---
base_model:
- Qwen/Qwen3.6-35B-A3B
tags:
- qwen
- fp8
- vllm
- compressed-tensors
name: RedHatAI/Qwen3.6-35B-A3B-FP8-dynamic
---

# FP8 Quantized RedHatAI/Qwen3.6-35B-A3B-FP8-dynamic

This is a preliminary version (and subject to change) of FP8 quantized [Qwen/Qwen3.6-35B-A3B ](https://huggingface.co/Qwen/Qwen3.6-35B-A3B ) model. 
The model has both weights and activations quantized to FP8 with [vllm-project/llm-compressor](https://github.com/vllm-project/llm-compressor).

It is compatible and tested against vllm main.
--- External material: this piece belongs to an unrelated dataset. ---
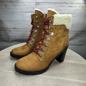 Nine West Peer Womens Sherpa Cuff Ankle Boot Size 8 Dark Natural Brown Heel Boot

Deploy it with: `vllm serve RedHatAI/Qwen3.6-35B-A3B-FP8-dynamic --reasoning-parser qwen3`


# Preliminary Evaluations

1) GSM8K Platinum:
```
lm_eval --model local-chat-completions \
  --tasks gsm8k_platinum_cot_llama \
  --model_args "model=RedHatAI/Qwen3.6-35B-A3B-FP8-dynamic,max_length=262144,base_url=http://0.0.0.0:8000/v1/chat/completions,num_concurrent=128,max_retries=3,tokenized_requests=False,tokenizer_backend=None,timeout=1200" \
  --num_fewshot 0 \
  --apply_chat_template \
  --gen_kwargs "do_sample=True,temperature=1.0,top_p=0.95,top_k=20,min_p=0.0,max_gen_toks=64000,presence_penalty=1.5,repetition_penalty=1.0,seed=5678"


```

Recovery:

|          | Qwen/Qwen3.6-35B-A3B | RedHatAI/Qwen3.6-35B-A3B-FP8-dynamic<br> (this model) |
| -------- | :--------------------: | :------------------------------------: |
| Accuracy | 95.86                 | 96.44                                   |
| Recovery | \-                     | 100.60%                                  |


**Note**: More rigorous evaluations are currently in progress and will be available soon.